Thx that picture helps a lot!


----------



## HillPeople (May 7, 2018)

Tips- harvest at high noon on a bright sunny day. Only the fully opened blossoms. Pick till you're tired (with volunteer friends) then look at your bucket. The blossoms will have shrunken to almost nothing. Keep picking till all your friends call it quits. Then pick more. We start a batch with 2- 5 gallon buckets of shriveled blossoms. The peels from dozen oranges and a dozen lemons and a couple cinnamon sticks. Add water and boil in kettles for an hour, steep overnight. Add the juice from the lemons and oranges. Strain through cheesecloth. Add your sugar to 1.096 or so. Cool to 75 and pitch your yeast. Ferment with an airlock to SG .996. Forget about it for a couple months, rack, and then forget about it for a year.


----------



## wildhair (May 7, 2018)

HillPeople - That's a big batch! How many gallons?
I agree with the blossom picking - fully open, mid-day are best. I don't add the cinnamon or quite that much citrus - IMO - it overpowers the delicate floral bouquet and flower flavor of the noble weed. Personal preference, I reckon. I like the Vintner's Harvest SN9 yeast for floral wines.


----------



## xune (May 7, 2018)

I want to know more about this harvester you designed. The dandelions are just starting to bloom here.


----------



## wildhair (May 8, 2018)

OK - I have not had a chance to give it a thorough field test as our dandelions have just started to emerge. Nor have I had a chance to apply for a patent or submit an audition to Shark Tank. That said - I would be willing to share the profits with someone if they can improve on the prototype. The idea is based on the "pooper scooper" concept.

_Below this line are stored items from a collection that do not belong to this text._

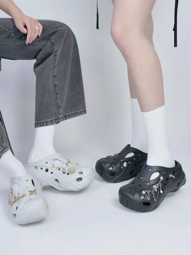 “洞洞鞋+智必星”的黄金组合就此风靡,直到今天,年轻人依然沉浸在鞋花艺术里:去海滩装贝壳和珍珠,去livehouse装金属朋克五件套,出门探店装贝果和法棍,哪怕是围观万圣节变装大会,都有3D假脚趾这样天造地设的鞋花。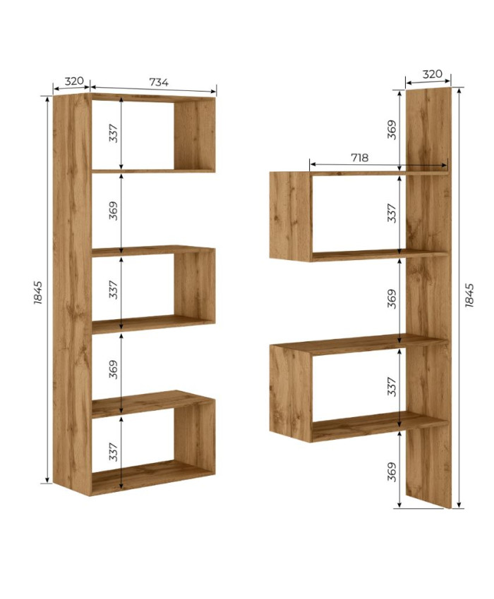 Стелаж 1: Ширина 734 мм, Висота 1846 мм, Глибина 320 мм.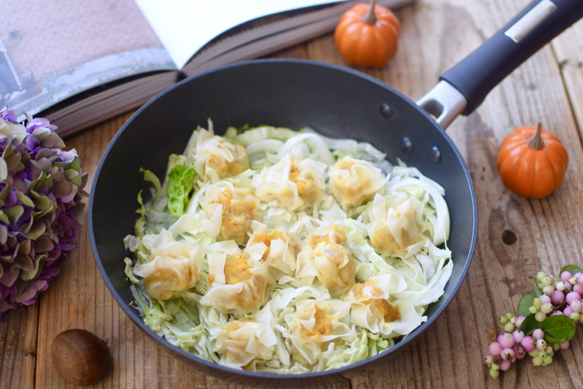 キャベツを敷き詰めたフライパンの上にシュウマイをのせる。ぎっちりと敷き詰めずに適度に隙間を開けるように並べる。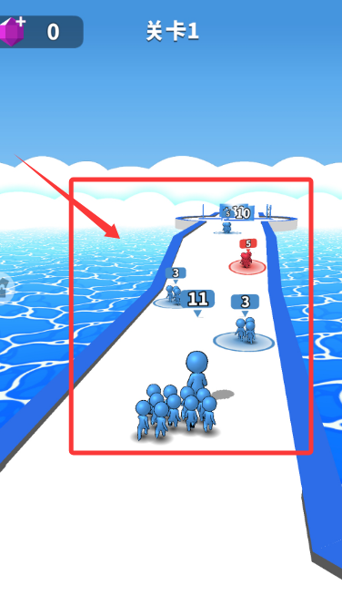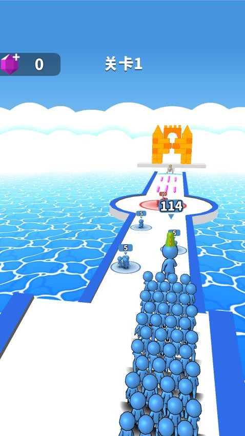 1、核心跑酷收集,控制领队火柴人左右移动,收集沿途的士兵和道具,避开削减人数的陷阱和障碍,不断壮大军团规模。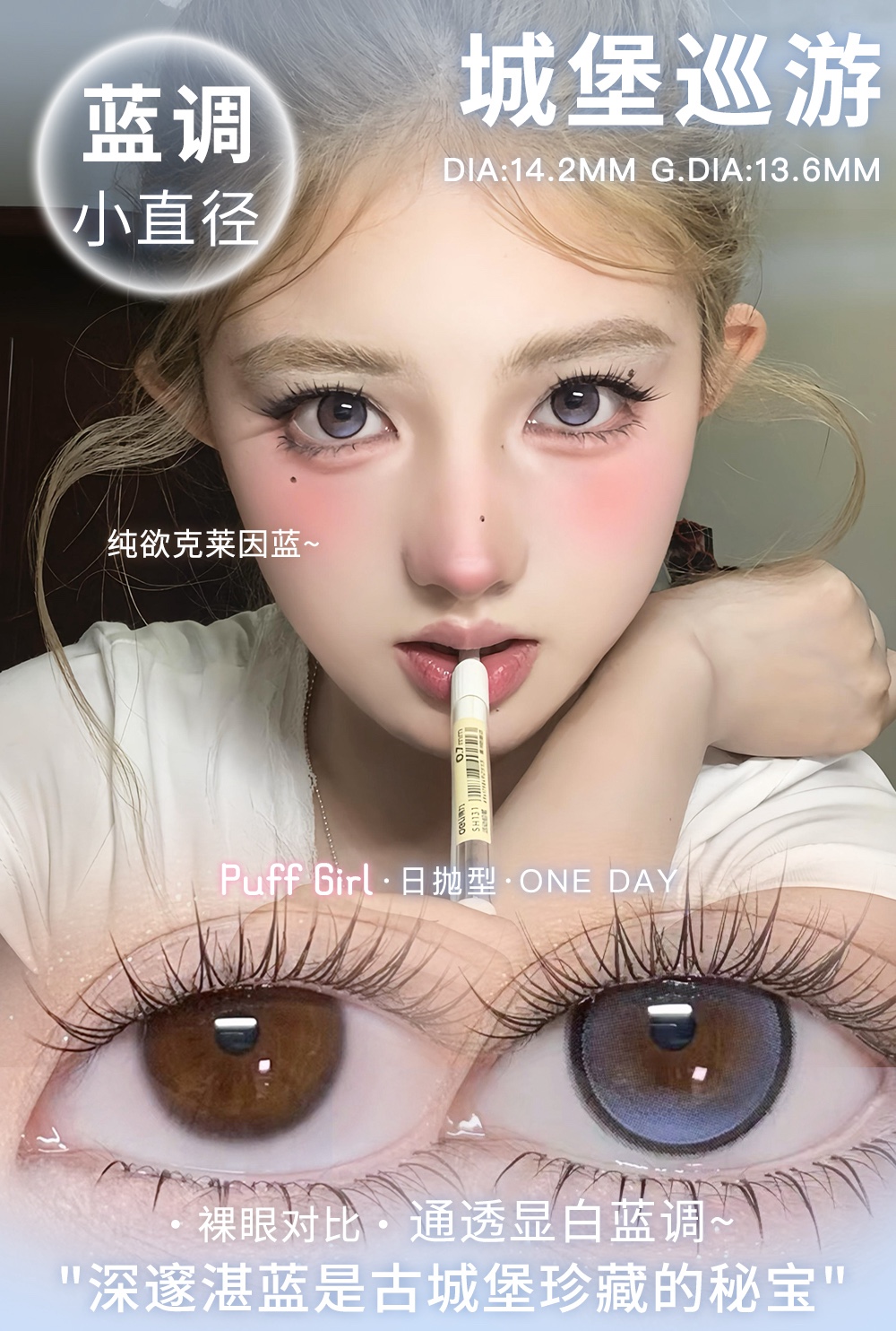 puff girl日抛 城堡巡游 蓝/公主日记 粉 14.2mm 日抛无售后!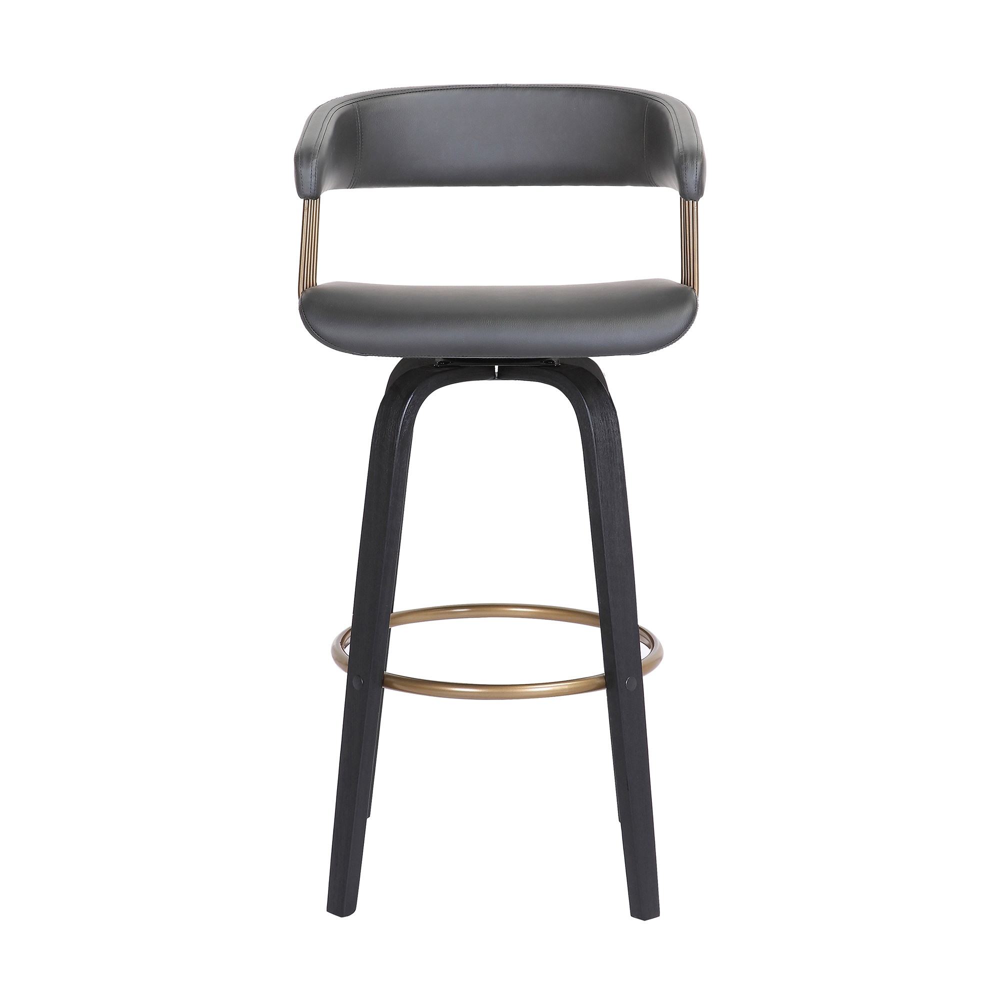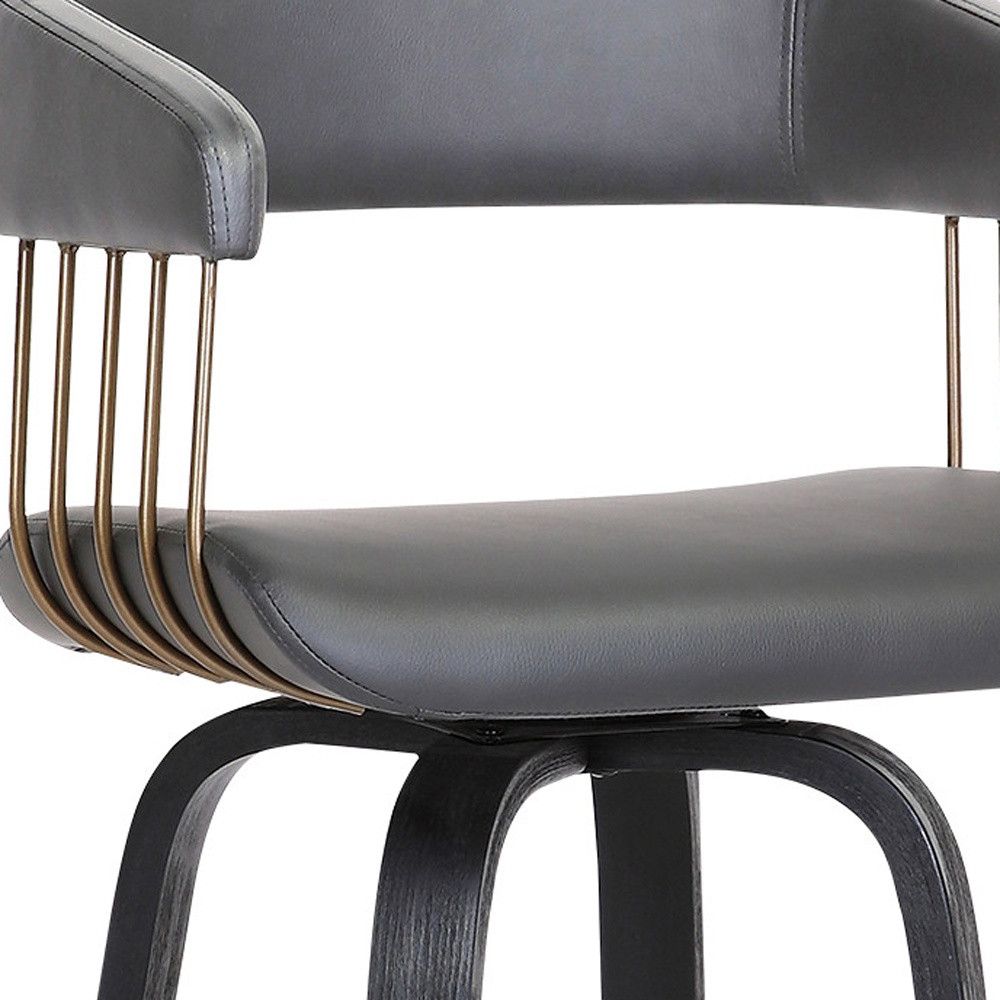 The perfect way to add extra seating to your home, this 31-Inch Gray and Black Faux Leather Swivel Bar Stool will elevate the style and functionality of your space. Featuring a contemporary design, the stool’s gray faux leather seat is a striking contrast to the sturdy black manufactured wood base. A full backrest paired with a bucket-shaped seat ensures both comfort and sophistication. Designed with armrests and a convenient footrest, this stool provides maximum relaxation and support. Its bar height and durable construction make it an excellent choice for casual gatherings or solo lounging.

I took a 1 gallon metal can, trimmed the "spout end" and cut V wedges into the bottom. I attached an old broom handle to the back. I cut a slot about 4 inches up into the handle, then using my Dremel to make a groove at the top of the slot, cut a 1/2 round hole thru the can and inserted the handle. Drill a couple holes and run some #6 3/4" screws thru it to secure it.
I tried it like this, the dandelion naturally goes into the V, then "pops" it's head when it gets to the back. Results were so-so - some of the dandelions didn't loose their heads, but just tipped over.

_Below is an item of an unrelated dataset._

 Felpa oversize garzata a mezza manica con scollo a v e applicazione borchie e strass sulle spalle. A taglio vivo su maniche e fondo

So I took a piece of metal (I used ducting), and folded it over, then slipped single edge razor blades into the fold. I used 2 1/2" sheet metal screws to secure it - so the blades can be changed. That works much better, but I need a lot more dandelions to really test it. I think cutting the V's narrower would be better - maybe 1/2" wide at the opening. 

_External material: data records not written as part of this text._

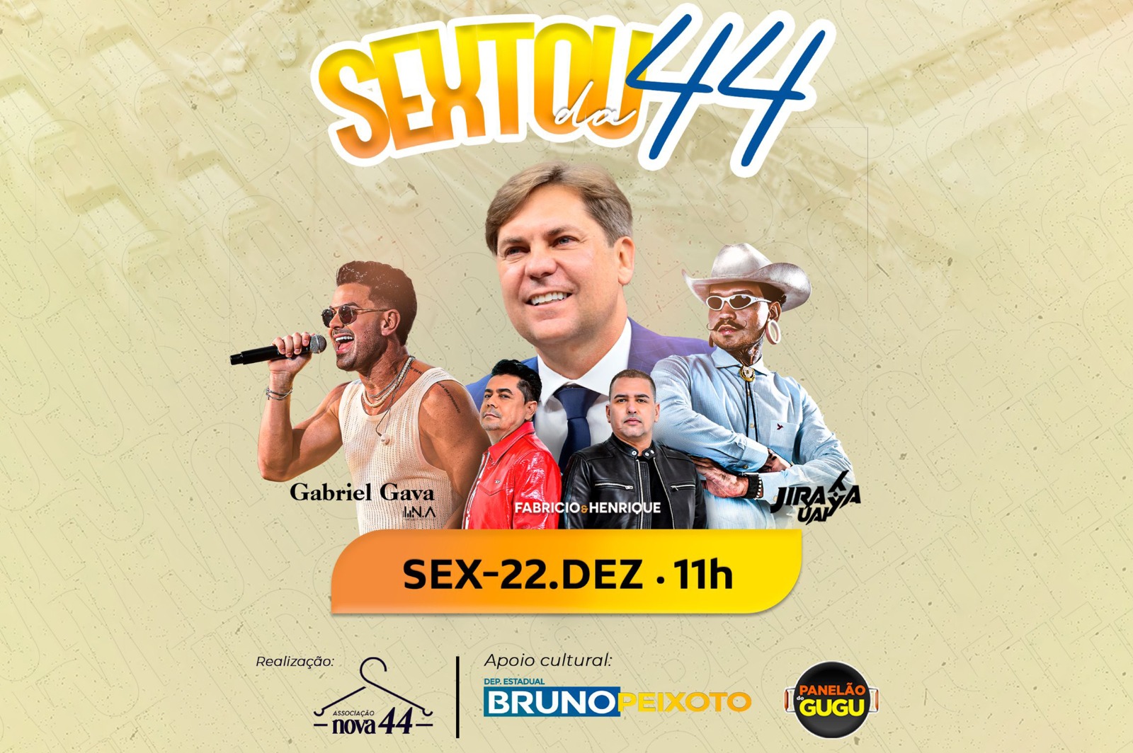 Além do tradicional Panelão do Gugu, do deputado estadual Gugu Nader, o "Sextou da 44" terá na programação shows com a cantora Maira Lemos, com os cantores sertanejos Gabriel Gava e Fabrício e Henrique e, ainda, apresentação do DJ Jiraya Uai, um dos principais nomes do eletrofunk de todo o País. O evento será realizado em parceria com a Associação Nova 44.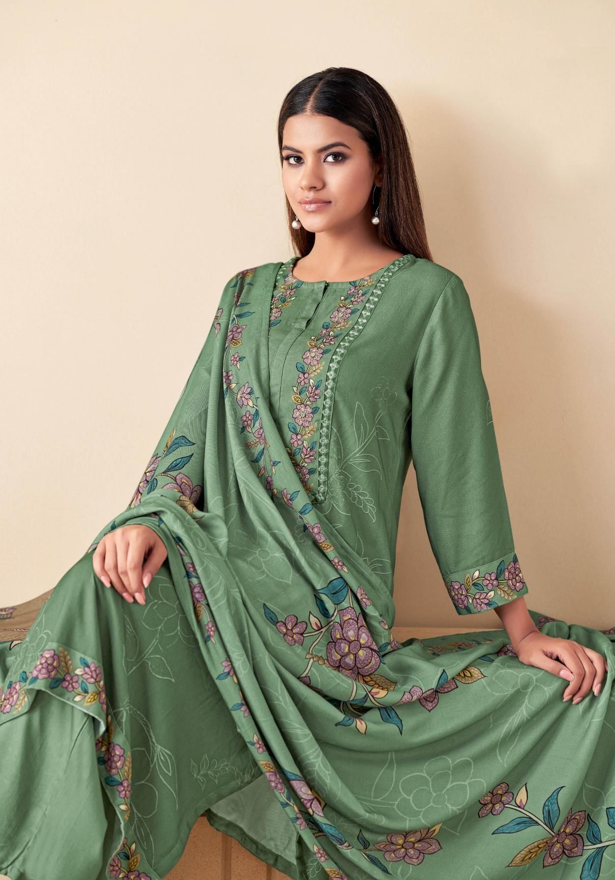 Other Details: | SAHIBA TOP - PURE PASHMINA TWILL DIGITAL PRINT WITH BOTTOM - PURE PASHMINA TWILL SOLID DYED DUPATTA - PURE PASHMINA TWIL DIGITAL PRINT RATE: |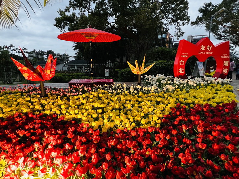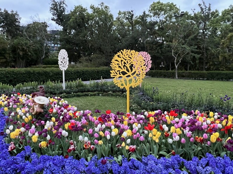 於音樂台前延續菊展的佈置,但部分花圃由鬱金香替換菊花。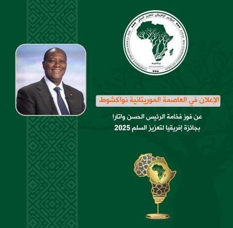 أعلن المؤتمر الإفريقي لتعزيز السلم في العاصمة الموريتانية نواكشوط عن فوز فخامة السيد الحسن واتارا، رئيس جمهورية ساحل العاج، “بجائزة إفريقيا لتعزيز السلم2025″ وسيتم تسليم هذه الجائزة الدولية الهامة رسميًا خلال الجلسة الافتتاحية للملتقى الدولي الخامس للمؤتمر الإفريقي لتعزيز السلم، الذي سيعقد بالشراكة بين الحكومة الموريتانية ومنتدى أبوظبي للسلم في العاصمة نواكشوط أيام: 21 و22 و23 يناير 2025 تحت الرعاية السامية لفخامة رئيس الجمهورية السيد محمد ولد الشيخ الغزواني. وتهدف جائزة تعزيز السلم في إفريقيا، إلى تكريم الشخصيات و المؤسسات والهيئات التي ساهمت بشكل ملحوظ في تعزيز وحفظ وصيانة السلام في إفريقيا وفي هذا السياق كرم المؤتمر الإفريقي لتعزيز السلم في الدورات السابقة لجائزة تعزيز السلم شخصيات بارزة مثل السيد محمد بازوم رئيس النيجر في دورة 2022 و السيد محمد بخاري رئيس نيجيريا في دورة2023 و السيد آداما بارو رئيس غامبيا في دورة 2024 و في دورة هذا العام 2025، قررت اللجنة العليا للجائزة بإجماع أعضائها تكريم فخامة السيد الحسن واتارا تثمينا لجهوده في تعزيز ثقافة الحوار و المصالحة في إفريقيا و اعترافا بدوره الإستثنائي في فترة قيادته للمجموعة الاقتصادية لدول غرب إفريقيا (إيكواس) في إدارة الأزمات الإقليمية، من خلال تعزيز الحوار و المصالحة و مبادرات الوساطة، هذا فضلا عن النموذج الفريد الذي أرساه للمصالحة الوطنية في ساحل العاج. و في هذا السياق أكد سعادة الشيخ المحفوظ بن بيه، المنسق العام للمؤتمر الإفريقي لتعزيز السلم” أن التزام فخامة الرئيس الحسن و تارا بالقيم الإنسانية المشتركة و دعمه الثابت للحلول السلمية في منطقة غرب إفريقيا و مساهماته الكبيرة في جهود بناء السلام في إفريقيا هو ماجعل اللجنة العليا لجائزة إفريقيا لتعزيز السلم تختاره بالإجماع في دورة الجائزة لعام 2025″.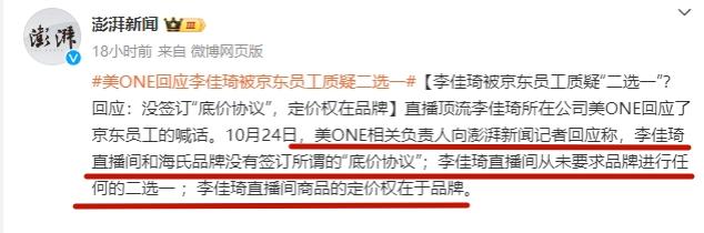 10月24日这个节点,美ONE肯定想能多苟着,就多苟着。再次带货花西子,讲道理应该预判到热度小不了;而被海氏的律师函和员工朋友圈关联,又被京东点出来,纯属倒霉。

It's light, you don't have to bend over and the dandelion flowers collect in the can. Kind of swing it under the flower head and the POP goes the dandelion.


----------



## HillPeople (May 8, 2018)

I admire your inventiveness Wildhair. I tried a blueberry rake and a cranberry rake, but I missed just parking myself in a sunny field and having at it.


----------



## wildhair (May 8, 2018)

Hey! What are you doing in my YARD??!! LOL


----------



## Jal5 (May 8, 2018)

HillPeople said:


> I admire your inventiveness Wildhair. I tried a blueberry rake and a cranberry rake, but I missed just parking myself in a sunny field and having at it.View attachment 48483


Wow what a crop!!!


----------



## Jal5 (May 8, 2018)

Got more today in a short time using your instructions wildhair. Worked well. Now I have two very full qt. Ziplocks. 

Joe


----------



## Jal5 (May 14, 2018)

Started the “tea” made by steeping the flowers today. Looking forward to this process


----------



## wildhair (May 14, 2018)

I'm still waiting for the big bloom.


----------



## sour_grapes (May 14, 2018)

wildhair said:


> I'm still waiting for the big bloom.



Come to my house!!


----------



## Arne (May 15, 2018)

sour_grapes said:


> Come to my house!!


===LOL, somebody has to keep the neighborhood in seeds. Sounds like my place. Arne.


----------



## wildhair (May 15, 2018)

HA! I always prefer my dandelions locally grown - but thanks for the offer. Feel free to pick them and send them to me, tho. LOL


----------



## Pmac332010 (May 15, 2018)

I cant find a place where dandelions grow around here in sufficient quantity to make a good batch of wine. 
I normally don't bother going through it all if I cant fill up my 8gal primary. When I do I always end up disappointed when that batch of wine runs out too quickly.


----------



## wildhair (May 15, 2018)

I like to start small with a wine I've never made before and see if I like it. I can always scale up next time. And I like to make other stuff from my fruit besides just wine - jam, dried fruit, pie filling, etc. I don't want to get that "drunken old wino" label hung on me.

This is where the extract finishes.